Wild bees and hoverflies respond differently to urbanisation, human population density and urban form

Cite this dataset

Persson, Anna; Ekroos, Johan; Olsson, Peter; Smith, Henrik (2021). Wild bees and hoverflies respond differently to urbanisation, human population density and urban form [Dataset]. Dryad. https://doi.org/10.5061/dryad.jdfn2z3b0

Abstract

While urbanisation contributes to global biodiversity declines, flower-rich urban habitats may provide beneficial pollinator habitats. We investigated the potential of urban residential areas to contribute to pollinator diversity by analysing wild bee and hoverfly species richness and composition of species assemblages of summer-active species, sampled in 53 gardens across urban and rural landscapes of Malmö, the regional capital of Sweden’s southernmost county. Species richness differed between urban and rural gardens, and between four urban residential types (ranging from low human density and high vegetation cover, to high human density and low vegetation cover), and taxonomic groups responded differently.
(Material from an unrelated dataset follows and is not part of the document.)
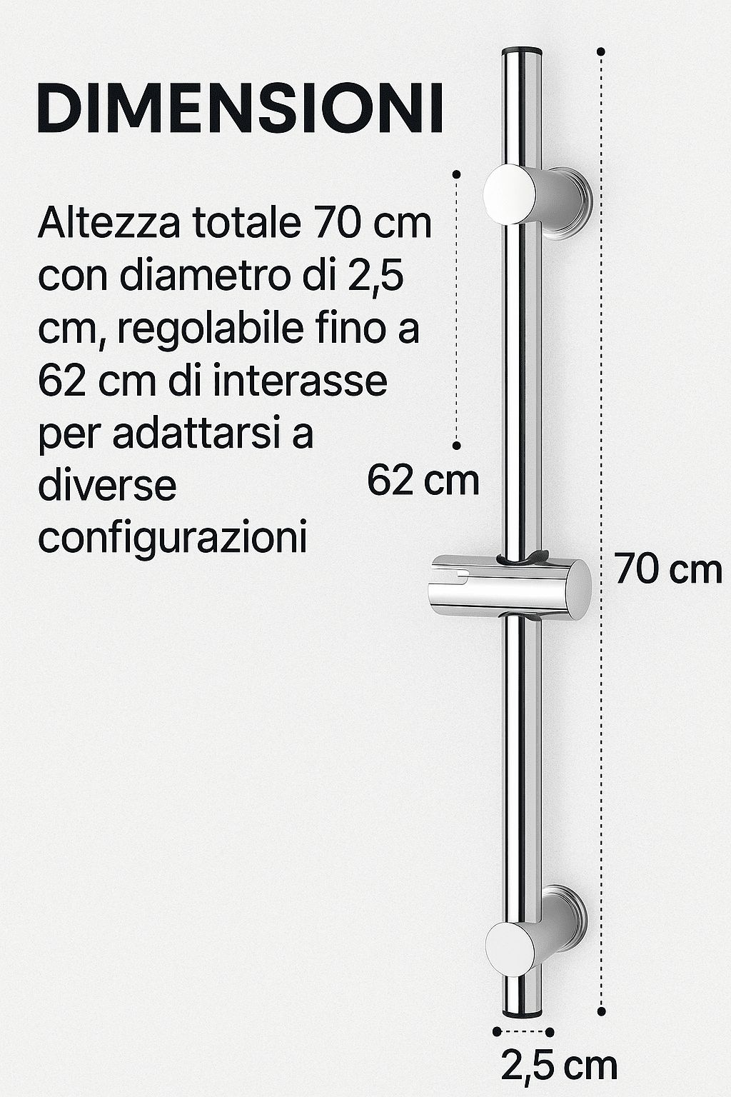 Il cuore del prodotto è la barra da 85 cm in finitura cromata, dimensione ideale per garantire un ampio margine di regolazione dell’altezza del soffione o della doccetta. Questa misura permette di soddisfare le esigenze di tutta la famiglia: adulti di diversa statura, ragazzi e persone che preferiscono una posizione più alta o più bassa del getto d’acqua trovano facilmente l’assetto più confortevole. L’escursione verticale consente di ottimizzare la fruibilità della doccia, migliorando l’esperienza quotidiana senza interventi strutturali invasivi.

Solitary bee species richness was higher in urban than rural gardens, driven by a higher richness in low-density urban gardens compared to both high-density urban gardens and rural gardens. In contrast, bumblebee species richness was higher in rural than urban gardens, whereas differences among the urban types were less clear. Hoverfly species richness was consistently higher in rural gardens than any urban garden type. Species richness of all groups was negatively related to human population density at the landscape scale (radius 500 m), but unrelated to vegetation cover. This indicates that population density affects pollinator habitat quality through associated green space management and design. Rural and urban wild bee species assemblages consisted of different species (significant species turnover), whereas urban hoverfly assemblages were a subset of rural ones (significant nestedness). Species nestedness of hoverflies, but not bees, increased with human population density. We show that urban areas can complement the regional wild bee species pool, mainly caused by large variation in tenure and management at small spatial scales, while urbanisation drives a systematic loss of hoverfly species. We suggest alternatives to improve dense residential areas for pollinators.

Methods

We surveyed pollinators in residential gardens of neighbourhoods that differed qualitatively in morphological type relevant to urban planning, as well as quantitatively in vegetation cover and human population density at spatial scales relevant for pollinators. We focused on wild bees (Apoidea) and hoverflies (Syrphidae) but also included soldier flies (Stratiomyidae), because although often not treated as pollinators they have a similar life history to hoverflies.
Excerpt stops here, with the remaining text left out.